**AIM OF THE TASK**
Output the records below verbatim, minus the pictures.

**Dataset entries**

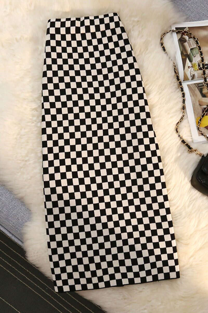 Шахматы, трикотажная осенняя длинная приталенная юбка, средней длины, высокая талия, с акцентом на бедрах, А-силуэт
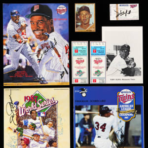 Signed Flats (7) with Tony Oliva (Picture Pack photo), Dave Winfield (3000th Hit commemorative), Tony Oliva (magazine page photo), Kent Hrbek 1983 Twins Postcard.
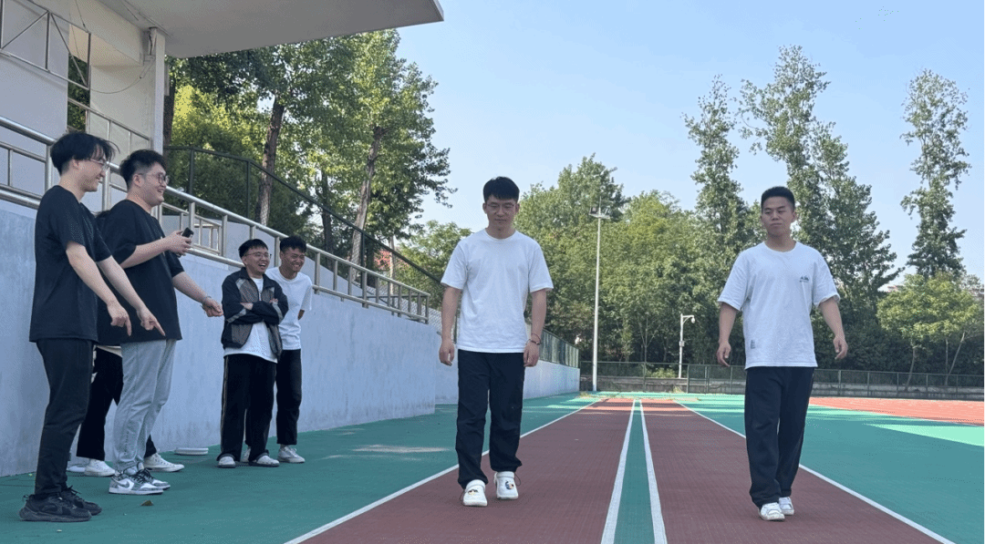 食堂旁边,“无间配合”引爆笑点!蒙眼队员在引导者“抬腿45度”“手臂交叉”的口令下手忙脚乱,歪斜的姿势让围观人群捧腹,却在最后一秒奇迹般定格成功;
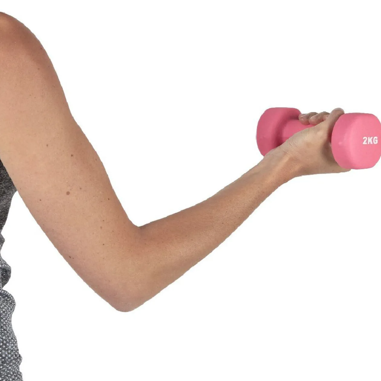 Ce produit existe en 2 couleurs: gris/rose, couleurs aléatoires selon disponibilité en magasin. – Diamètre Ø5x L 13 cm. – Matière: métal + polypropylène. Existe aussi en haltères de 1 kg.
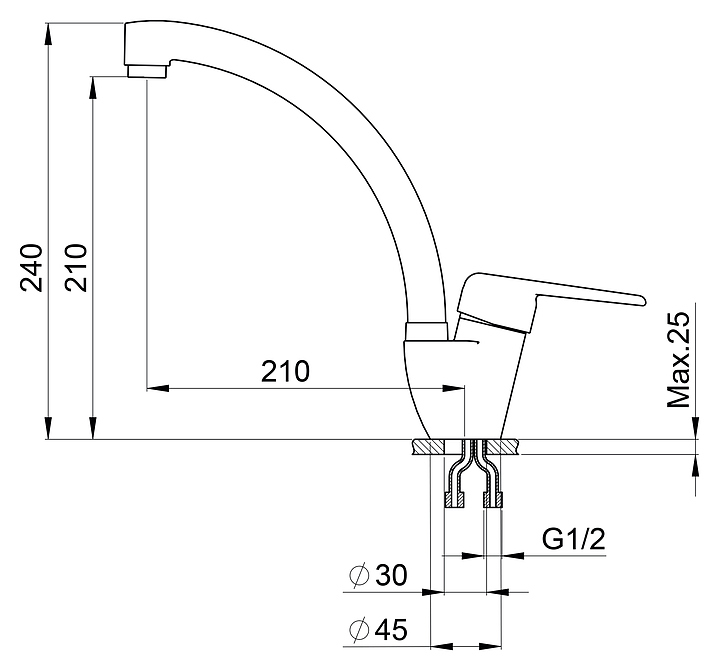 Смеситель Granula GR-2024 предназначен для использования на кухне для подачи горячей и холодной воды. Модель оснащена высоким поворотным изливом, керамическим картриджем, обеспечивающим плавный ход рычага смесителя, контроль и точность при выборе напора и температуры воды, а также аэратором для создания мягкой ровной струи без разбрызгивания. Однорычажный тип управления позволяет очень быстро и плавно регулировать подачу воды одной рукой. Изделие выполнено из высококачественной латуни, которая отличается прочностью, долговечностью и устойчивостью к перепадам температур. В комплект поставки входят гибкая подводка и комплект креплений. Особенности:
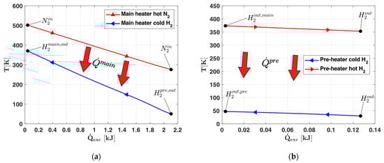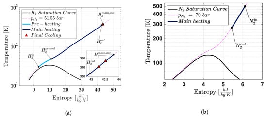 With the thermodynamic data for the heat exchange in both subunits fully determined, the trends of the thermodynamic states of H2 and N2 throughout the pre-heater and main heater subunits can be analysed. Figure 9 illustrates these thermodynamic transformations for both fluids on a temperature–entropy (T-s) diagram, with Figure 9a detailing the transformations for H2 and Figure 9b for N2. It is evident that no two-phase or cyclic behaviours occur during heat exchange, as both fluids are handled at supercritical pressure values.
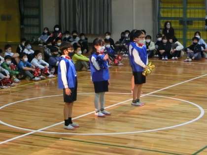 まずは、2年生が出し物を披露しました。6年生が2年生だった頃を楽しく振り返るという内容でした。
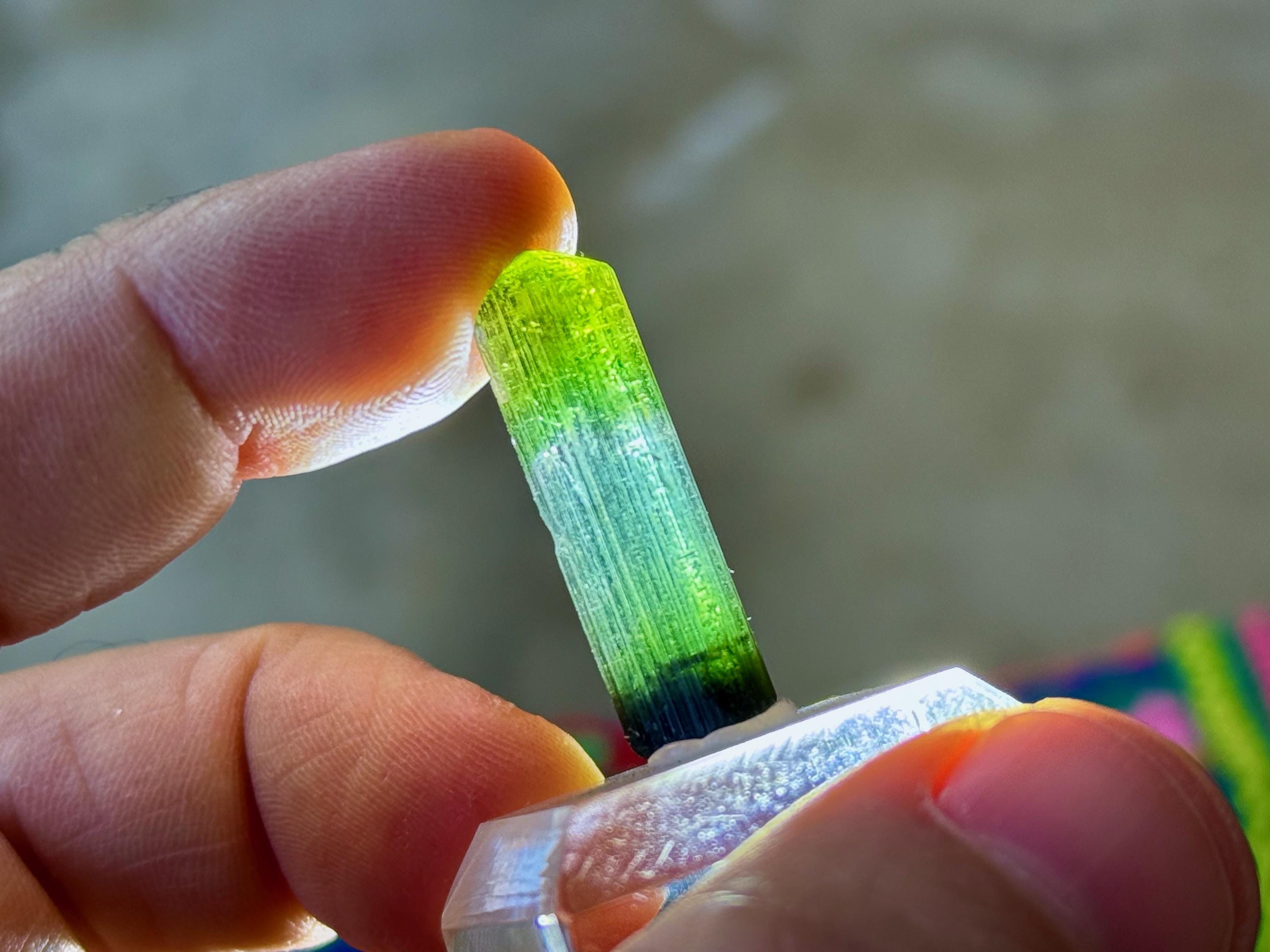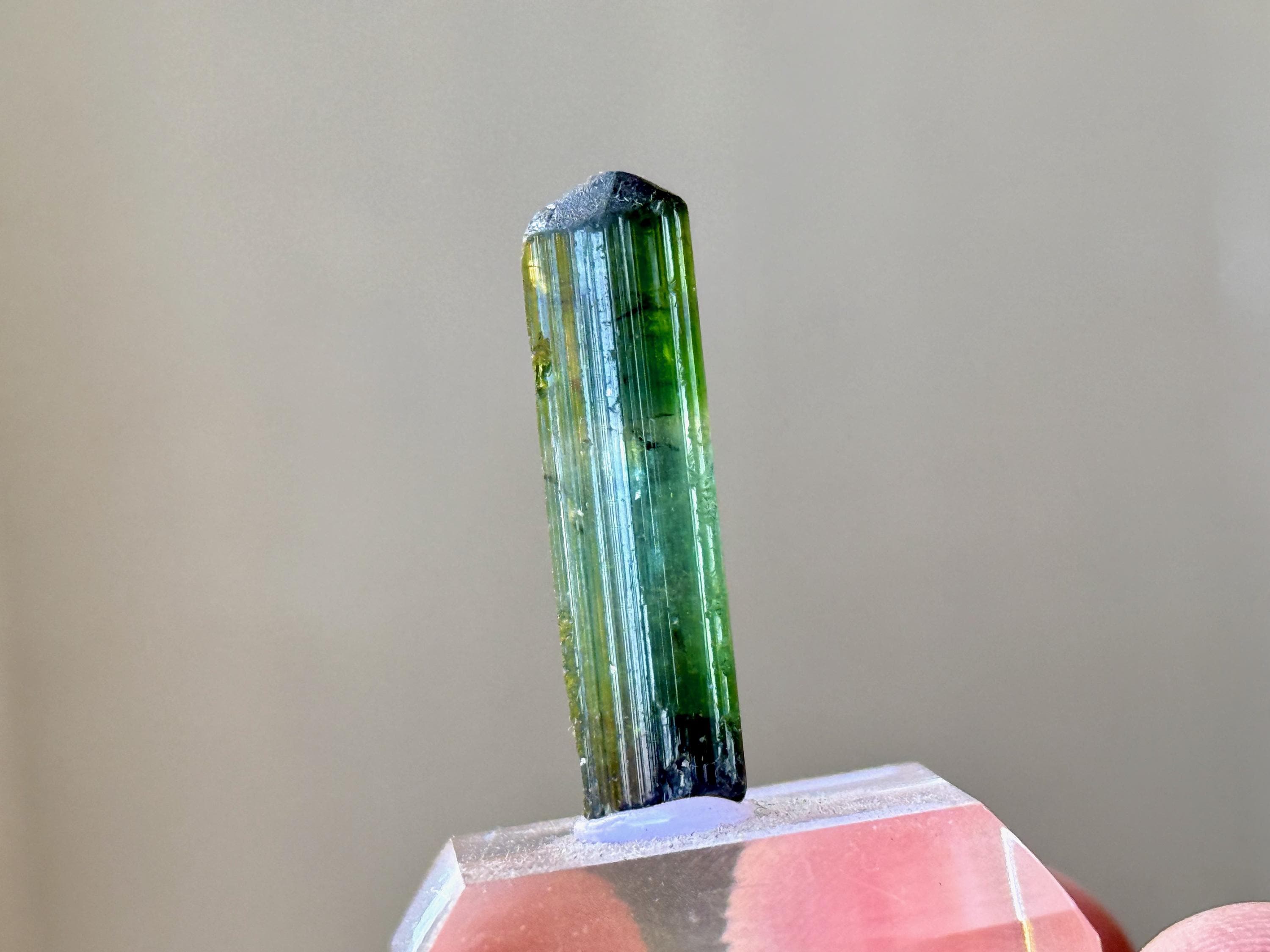 This Tourmaline crystal possesses a sky blue body with gradient green color at both the base and the cap. We have done our very best to capture the color faithfully, and these photos were taken in natural, partially shaded light with no manipulation.
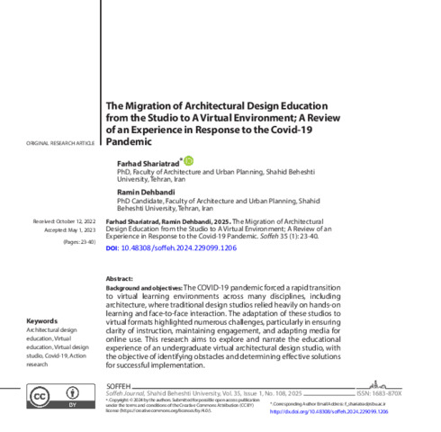 Background and objectives: The COVID-19 pandemic forced a rapid transition to virtual learning environments across many disciplines, including architecture, where traditional design studios relied heavily on hands-on learning and face-to-face interaction. The adaptation of these studios to virtual formats highlighted numerous challenges, particularly in ensuring clarity of instruction, maintaining engagement, and adapting media for online use. This research aims to explore and narrate the educational experience of an undergraduate virtual architectural design studio, with the objective of identifying obstacles and determining effective solutions for successful implementation.
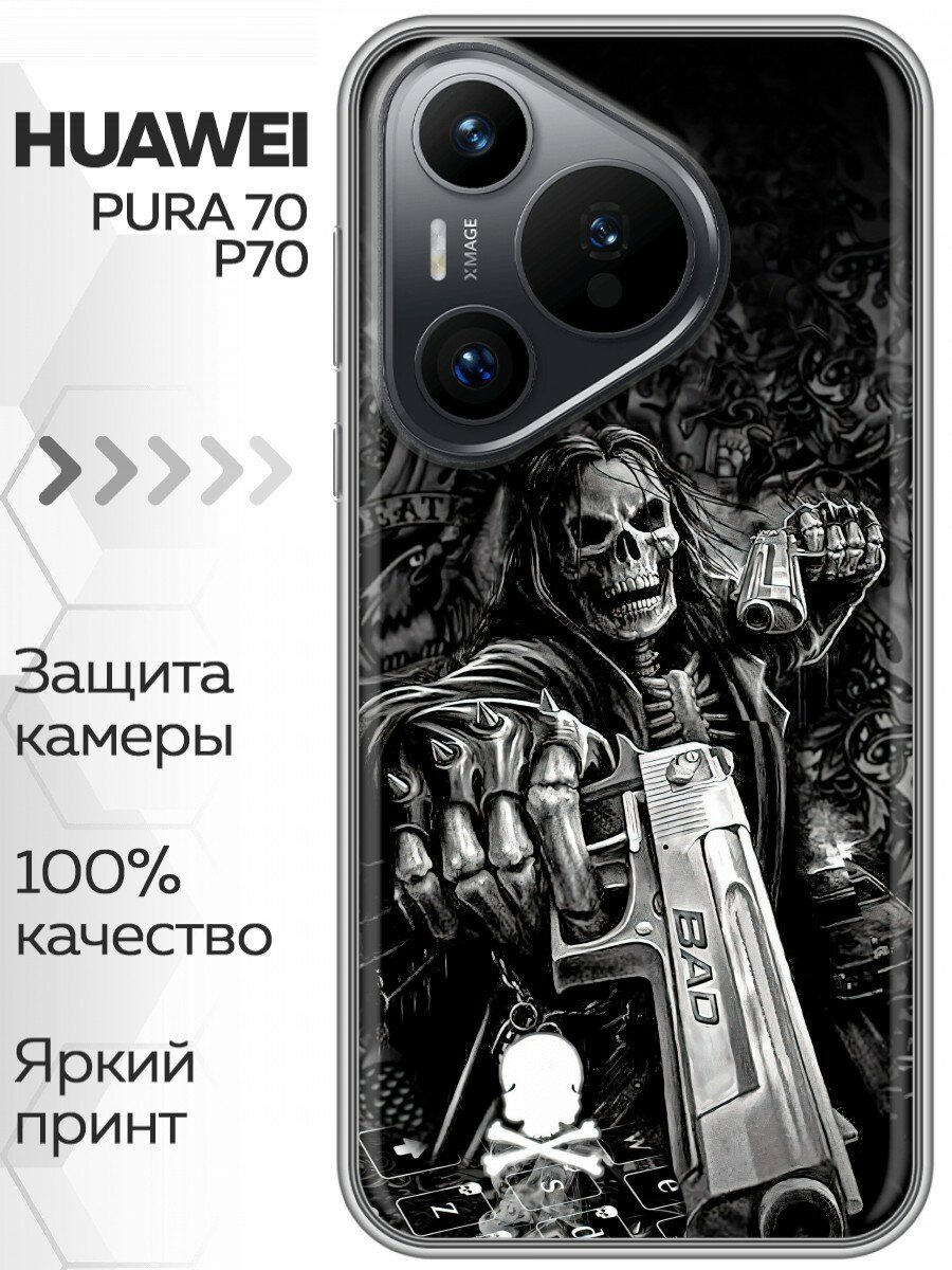 Купить Чехол для Huawei Pura 70 с принтом Скелет и череп на Хуавей Пура 70
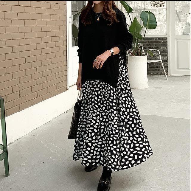 大きいサイズ レディース ワンピース ドッキング ロング 長袖
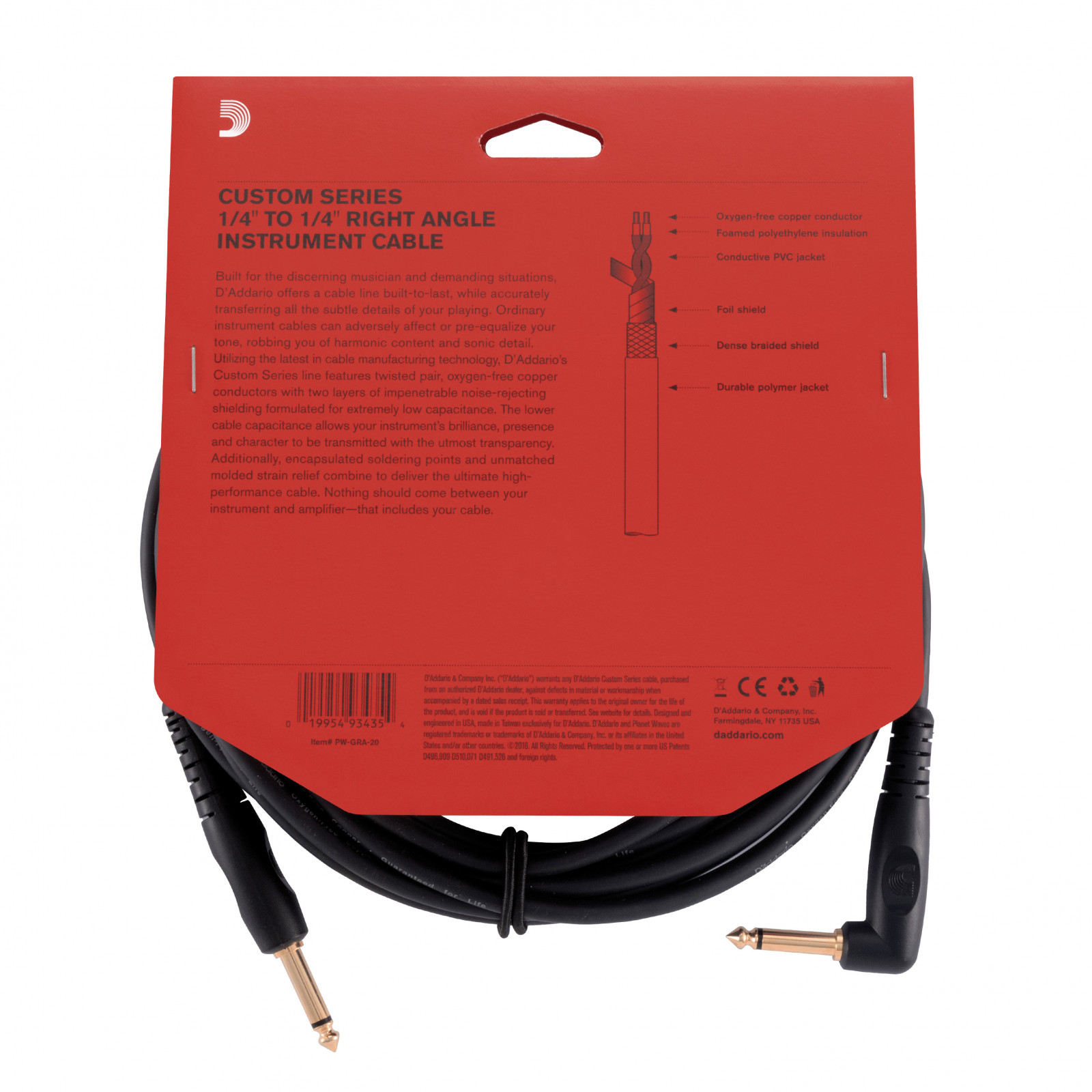 D'Addario Planet Waves GRA-20 - Cable instrument jack coudé Custom noir 6m

**RESULT BELOW**
 Шахматы, трикотажная осенняя длинная приталенная юбка, средней длины, высокая талия, с акцентом на бедрах, А-силуэт
 Signed Flats (7) with Tony Oliva (Picture Pack photo), Dave Winfield (3000th Hit commemorative), Tony Oliva (magazine page photo), Kent Hrbek 1983 Twins Postcard.
 食堂旁边,“无间配合”引爆笑点!蒙眼队员在引导者“抬腿45度”“手臂交叉”的口令下手忙脚乱,歪斜的姿势让围观人群捧腹,却在最后一秒奇迹般定格成功;
 Ce produit existe en 2 couleurs: gris/rose, couleurs aléatoires selon disponibilité en magasin. – Diamètre Ø5x L 13 cm. – Matière: métal + polypropylène. Existe aussi en haltères de 1 kg.
 Смеситель Granula GR-2024 предназначен для использования на кухне для подачи горячей и холодной воды. Модель оснащена высоким поворотным изливом, керамическим картриджем, обеспечивающим плавный ход рычага смесителя, контроль и точность при выборе напора и температуры воды, а также аэратором для создания мягкой ровной струи без разбрызгивания. Однорычажный тип управления позволяет очень быстро и плавно регулировать подачу воды одной рукой. Изделие выполнено из высококачественной латуни, которая отличается прочностью, долговечностью и устойчивостью к перепадам температур. В комплект поставки входят гибкая подводка и комплект креплений. Особенности:
 With the thermodynamic data for the heat exchange in both subunits fully determined, the trends of the thermodynamic states of H2 and N2 throughout the pre-heater and main heater subunits can be analysed. Figure 9 illustrates these thermodynamic transformations for both fluids on a temperature–entropy (T-s) diagram, with Figure 9a detailing the transformations for H2 and Figure 9b for N2. It is evident that no two-phase or cyclic behaviours occur during heat exchange, as both fluids are handled at supercritical pressure values.
 まずは、2年生が出し物を披露しました。6年生が2年生だった頃を楽しく振り返るという内容でした。
 This Tourmaline crystal possesses a sky blue body with gradient green color at both the base and the cap. We have done our very best to capture the color faithfully, and these photos were taken in natural, partially shaded light with no manipulation.
 Background and objectives: The COVID-19 pandemic forced a rapid transition to virtual learning environments across many disciplines, including architecture, where traditional design studios relied heavily on hands-on learning and face-to-face interaction. The adaptation of these studios to virtual formats highlighted numerous challenges, particularly in ensuring clarity of instruction, maintaining engagement, and adapting media for online use. This research aims to explore and narrate the educational experience of an undergraduate virtual architectural design studio, with the objective of identifying obstacles and determining effective solutions for successful implementation.
 Купить Чехол для Huawei Pura 70 с принтом Скелет и череп на Хуавей Пура 70
 大きいサイズ レディース ワンピース ドッキング ロング 長袖
 D'Addario Planet Waves GRA-20 - Cable instrument jack coudé Custom noir 6m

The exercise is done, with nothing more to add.